D-ID offers a Chat API that enables developers to build face-to-face conversational experiences powered by AI. This API connects D-ID's real-time face animation with LLMs such as [GPT-4](/wiki/gpt-4) and [Claude](/wiki/claude_ai), allowing developers to create interactive digital humans that can hold natural conversations.

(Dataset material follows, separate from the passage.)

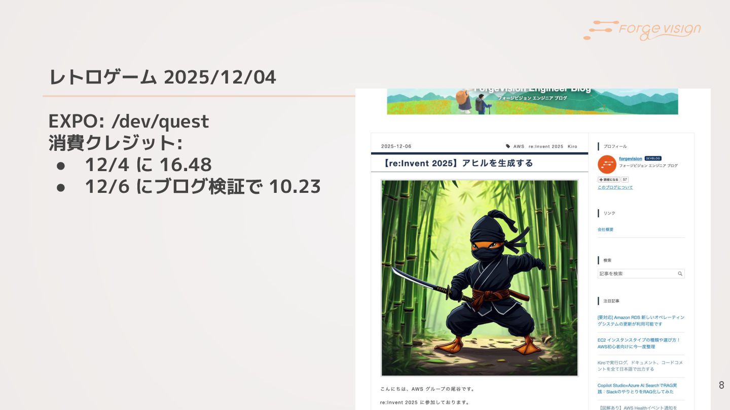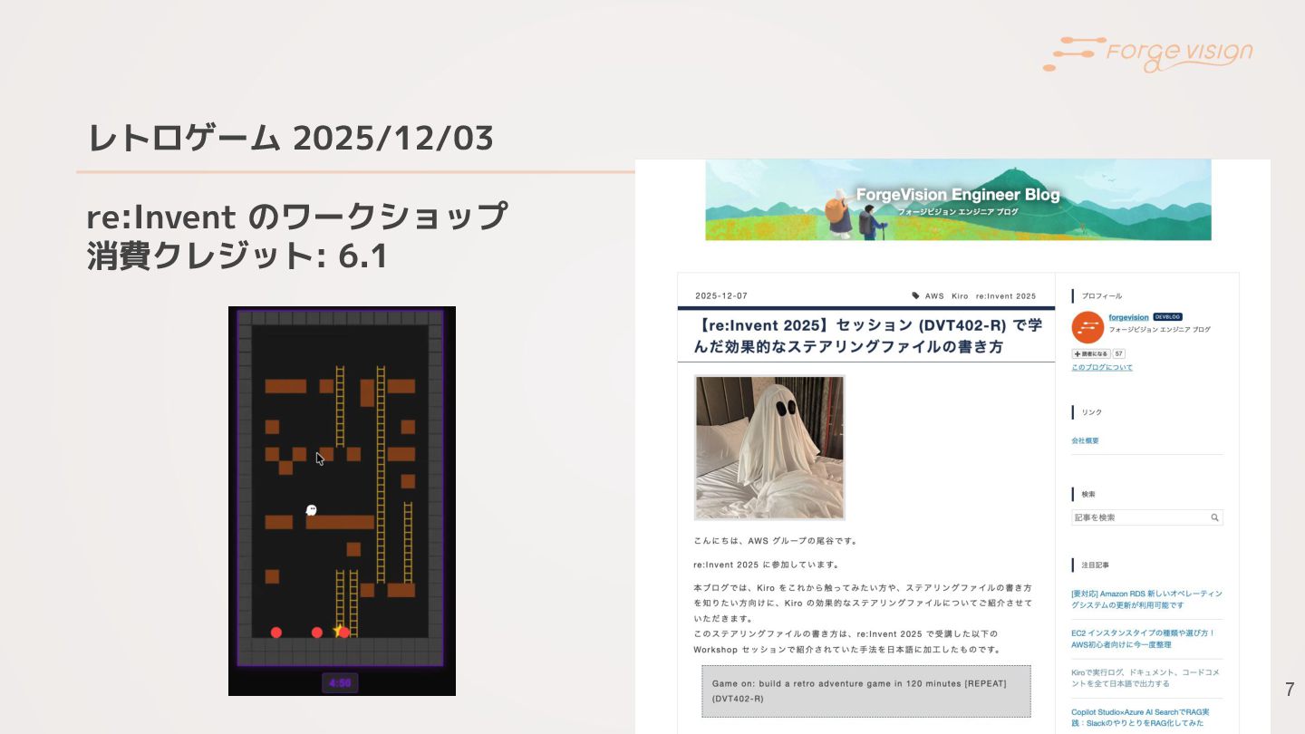 7 レトロゲーム 2025/12/03 re:Invent のワークショップ 消費クレジット: 6.1

The Chat API supports streaming, meaning the avatar responds in real time rather than requiring pre-rendered video [6].

The API provides several configuration options:

- **Avatar customization**: Developers can specify which presenter or uploaded image to use as the conversational partner
- **Voice selection**: Integration with multiple text-to-speech providers, including ElevenLabs and Azure Speech
- **LLM selection**: Developers can connect the avatar to their preferred language model
- **Knowledge base attachment**: Custom documents and data can be attached to inform the avatar's responses
- **Conversation memory**: The system maintains context across multiple exchanges within a session

### Agents platform

The D-ID Agents platform allows businesses to deploy persistent AI characters that maintain context across conversations, remember previous interactions, and can be trained on company-specific knowledge bases. Made generally available on February 26, 2024, the platform uses RAG to deliver grounded answers with over 90% accuracy in under two seconds, and was upgraded in March 2026 with the diffusion-based V4 Expressive Visual Agents offering sub-0.5-second response latency and up to 4K output [12][14]. These agents are designed for use cases such as customer support, employee training, and interactive educational content. Unlike the Chat API, which is designed for developers, the Agents platform provides a no-code interface for business users to create and manage their digital human deployments.

### Video API

For developers who need to generate talking-head videos programmatically (rather than interactively), D-ID provides a Video API. This API accepts an image, a script or audio file, and configuration parameters, and returns a rendered video. Common use cases include automated video generation pipelines for e-commerce product descriptions, news summaries, and personalized marketing campaigns.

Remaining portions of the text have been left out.